• Work to complete:
Take nothing but the lines from the one with "Протокол матча Цвиккау против Ингольштадт" through the one with "Cotton sports headband" in the entries below, both ends kept, and return them exactly with pictures left out.
-------- Data shown
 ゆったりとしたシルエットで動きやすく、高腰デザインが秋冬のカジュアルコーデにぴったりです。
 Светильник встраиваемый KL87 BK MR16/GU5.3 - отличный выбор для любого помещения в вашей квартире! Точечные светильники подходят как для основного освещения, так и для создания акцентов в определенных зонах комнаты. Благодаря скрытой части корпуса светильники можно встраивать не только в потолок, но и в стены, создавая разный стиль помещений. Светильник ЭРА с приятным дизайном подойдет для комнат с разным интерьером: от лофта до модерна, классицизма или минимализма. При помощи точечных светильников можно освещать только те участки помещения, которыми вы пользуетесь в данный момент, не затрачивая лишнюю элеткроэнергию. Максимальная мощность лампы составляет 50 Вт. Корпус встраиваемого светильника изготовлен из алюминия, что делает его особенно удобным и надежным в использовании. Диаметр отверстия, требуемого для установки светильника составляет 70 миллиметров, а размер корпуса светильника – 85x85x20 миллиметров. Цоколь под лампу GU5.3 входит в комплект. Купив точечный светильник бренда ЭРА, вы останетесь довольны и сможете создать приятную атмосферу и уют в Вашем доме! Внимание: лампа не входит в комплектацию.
----------------
-------- Data shown
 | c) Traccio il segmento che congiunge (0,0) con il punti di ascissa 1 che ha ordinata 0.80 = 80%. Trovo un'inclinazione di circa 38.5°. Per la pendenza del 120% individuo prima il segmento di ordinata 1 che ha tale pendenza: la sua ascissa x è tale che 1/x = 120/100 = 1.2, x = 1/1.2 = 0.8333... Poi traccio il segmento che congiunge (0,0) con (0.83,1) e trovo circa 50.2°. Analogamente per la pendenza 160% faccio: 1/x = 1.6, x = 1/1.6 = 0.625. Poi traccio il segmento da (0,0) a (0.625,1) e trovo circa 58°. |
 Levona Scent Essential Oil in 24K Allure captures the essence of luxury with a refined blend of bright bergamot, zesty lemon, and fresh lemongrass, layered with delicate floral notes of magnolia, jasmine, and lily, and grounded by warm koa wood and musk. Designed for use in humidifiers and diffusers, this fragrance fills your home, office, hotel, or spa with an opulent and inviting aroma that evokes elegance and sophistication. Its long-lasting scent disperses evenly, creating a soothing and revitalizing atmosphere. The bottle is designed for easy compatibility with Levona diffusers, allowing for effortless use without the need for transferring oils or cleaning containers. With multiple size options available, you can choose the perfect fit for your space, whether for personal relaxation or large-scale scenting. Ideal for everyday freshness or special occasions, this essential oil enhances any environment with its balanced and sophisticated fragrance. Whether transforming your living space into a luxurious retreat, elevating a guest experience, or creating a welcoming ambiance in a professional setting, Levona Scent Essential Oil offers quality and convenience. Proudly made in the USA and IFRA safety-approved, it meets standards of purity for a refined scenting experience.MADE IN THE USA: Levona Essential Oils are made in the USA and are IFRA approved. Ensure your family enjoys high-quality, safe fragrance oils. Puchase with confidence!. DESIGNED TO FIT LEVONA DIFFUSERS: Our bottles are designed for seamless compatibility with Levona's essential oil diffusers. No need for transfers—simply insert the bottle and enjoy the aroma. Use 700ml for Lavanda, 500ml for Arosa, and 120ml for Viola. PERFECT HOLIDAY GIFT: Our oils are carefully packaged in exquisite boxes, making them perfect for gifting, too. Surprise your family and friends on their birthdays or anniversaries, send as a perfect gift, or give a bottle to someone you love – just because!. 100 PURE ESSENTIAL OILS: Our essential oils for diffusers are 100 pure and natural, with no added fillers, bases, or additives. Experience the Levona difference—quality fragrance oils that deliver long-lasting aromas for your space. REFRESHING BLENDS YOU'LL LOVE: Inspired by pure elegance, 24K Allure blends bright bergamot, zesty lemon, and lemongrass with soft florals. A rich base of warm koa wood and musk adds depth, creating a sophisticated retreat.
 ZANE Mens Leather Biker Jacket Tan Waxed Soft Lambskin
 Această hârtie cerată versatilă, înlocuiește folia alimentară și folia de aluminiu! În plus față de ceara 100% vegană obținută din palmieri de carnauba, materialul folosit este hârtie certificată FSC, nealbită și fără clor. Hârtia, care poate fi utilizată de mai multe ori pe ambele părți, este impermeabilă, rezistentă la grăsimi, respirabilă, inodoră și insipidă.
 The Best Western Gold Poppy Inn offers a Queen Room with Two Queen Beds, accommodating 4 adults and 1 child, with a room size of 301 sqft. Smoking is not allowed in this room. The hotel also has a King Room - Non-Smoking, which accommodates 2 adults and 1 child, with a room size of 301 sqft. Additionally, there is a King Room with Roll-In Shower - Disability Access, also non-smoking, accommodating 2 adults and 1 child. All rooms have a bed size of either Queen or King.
----------------
-------- Data shown
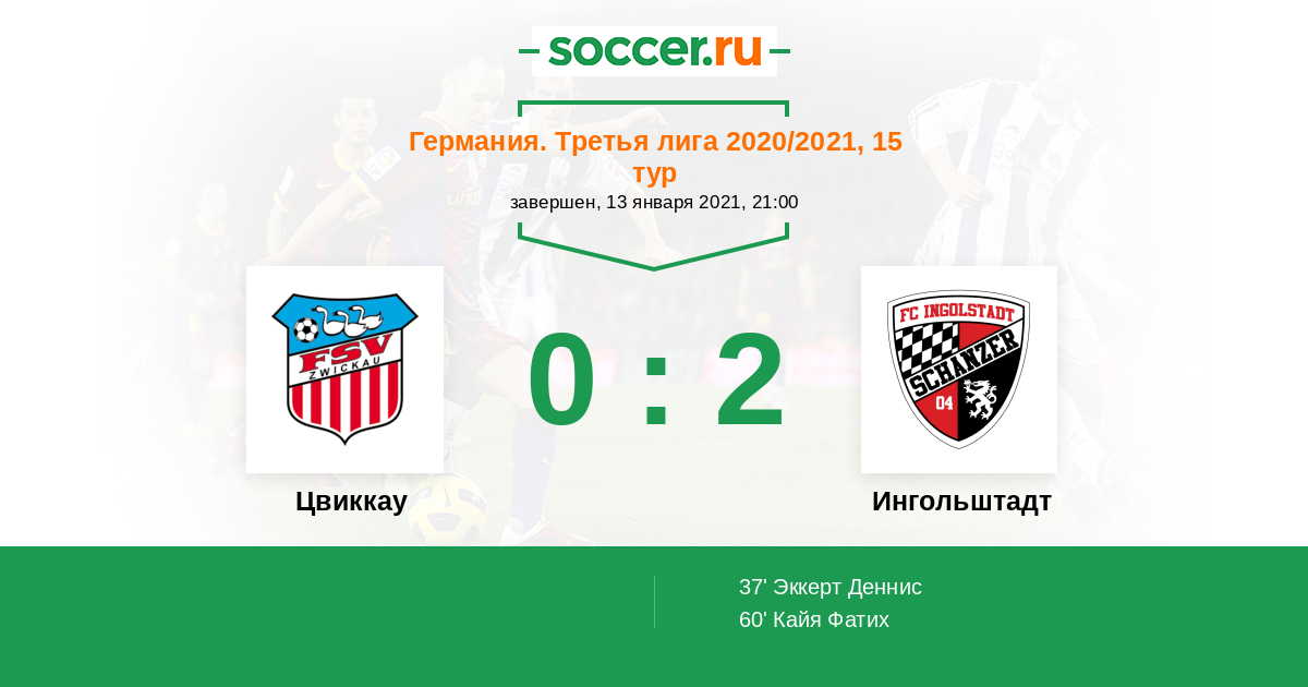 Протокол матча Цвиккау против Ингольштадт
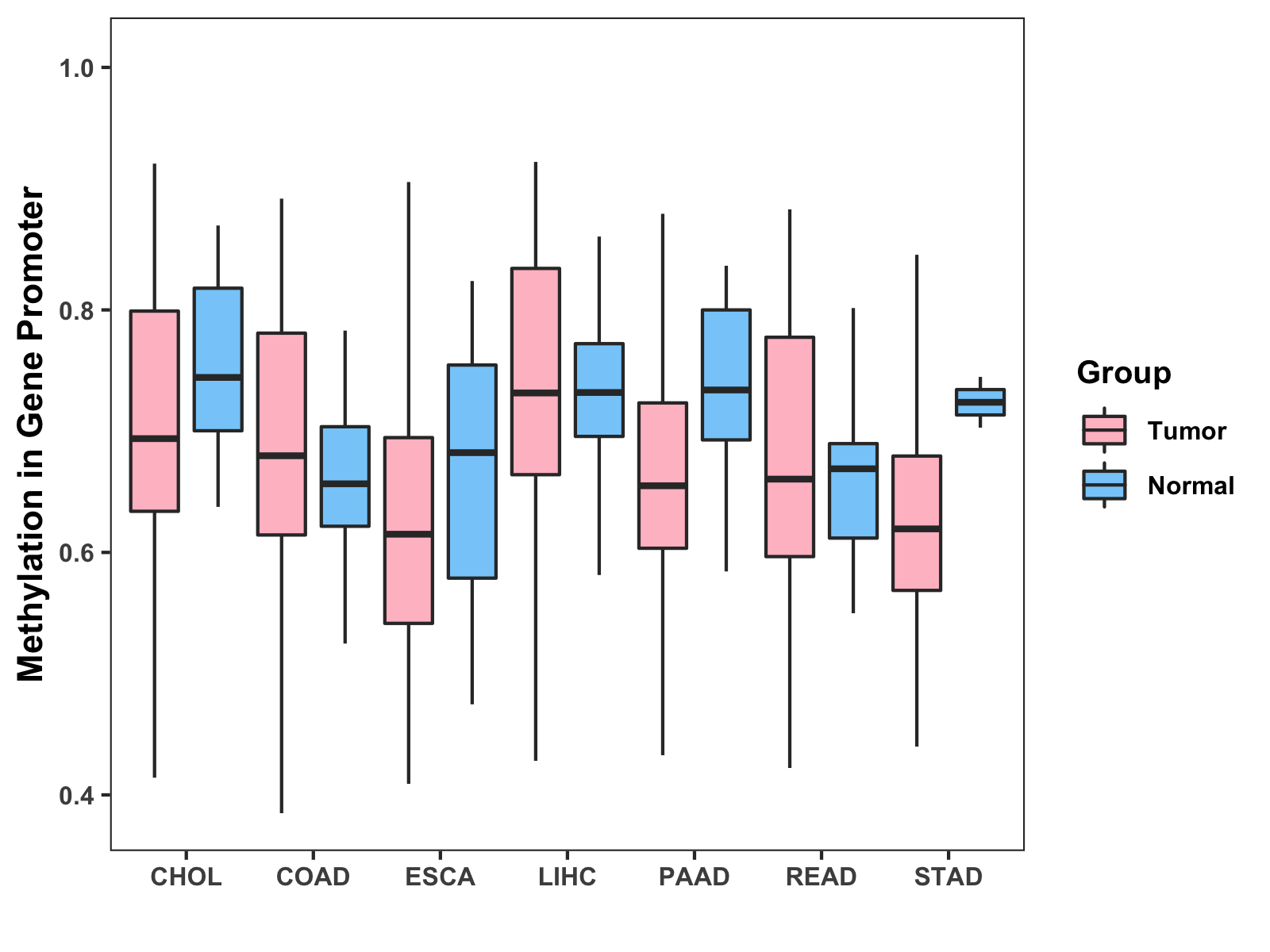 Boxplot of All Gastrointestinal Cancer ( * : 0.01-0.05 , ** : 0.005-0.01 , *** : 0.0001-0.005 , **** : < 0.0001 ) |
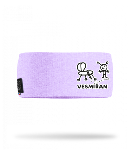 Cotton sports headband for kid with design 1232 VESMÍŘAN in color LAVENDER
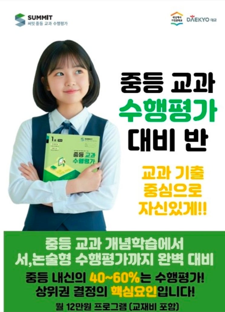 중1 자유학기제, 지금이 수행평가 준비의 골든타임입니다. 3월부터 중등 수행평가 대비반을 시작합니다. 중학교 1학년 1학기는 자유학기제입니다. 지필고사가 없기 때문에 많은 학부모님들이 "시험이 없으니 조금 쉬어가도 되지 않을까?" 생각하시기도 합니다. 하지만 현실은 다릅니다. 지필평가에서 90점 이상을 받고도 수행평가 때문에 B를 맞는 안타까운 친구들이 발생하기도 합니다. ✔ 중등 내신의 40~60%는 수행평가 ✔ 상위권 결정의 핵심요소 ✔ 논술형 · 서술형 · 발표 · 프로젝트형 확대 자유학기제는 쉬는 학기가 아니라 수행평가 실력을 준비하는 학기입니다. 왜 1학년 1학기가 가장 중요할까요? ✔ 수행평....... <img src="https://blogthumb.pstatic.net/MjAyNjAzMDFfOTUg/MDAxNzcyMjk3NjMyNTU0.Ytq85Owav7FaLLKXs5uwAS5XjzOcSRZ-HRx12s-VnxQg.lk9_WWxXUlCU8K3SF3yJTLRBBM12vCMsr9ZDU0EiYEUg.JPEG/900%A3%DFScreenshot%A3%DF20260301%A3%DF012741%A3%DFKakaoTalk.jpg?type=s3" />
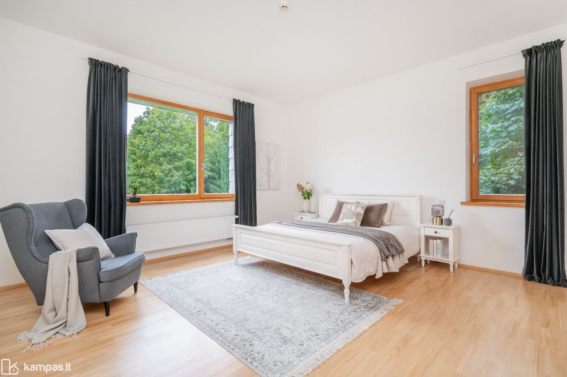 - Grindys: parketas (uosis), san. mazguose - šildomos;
----------------
• Exercise output:
 Протокол матча Цвиккау против Ингольштадт
 Boxplot of All Gastrointestinal Cancer ( * : 0.01-0.05 , ** : 0.005-0.01 , *** : 0.0001-0.005 , **** : < 0.0001 ) |
 Cotton sports headband for kid with design 1232 VESMÍŘAN in color LAVENDER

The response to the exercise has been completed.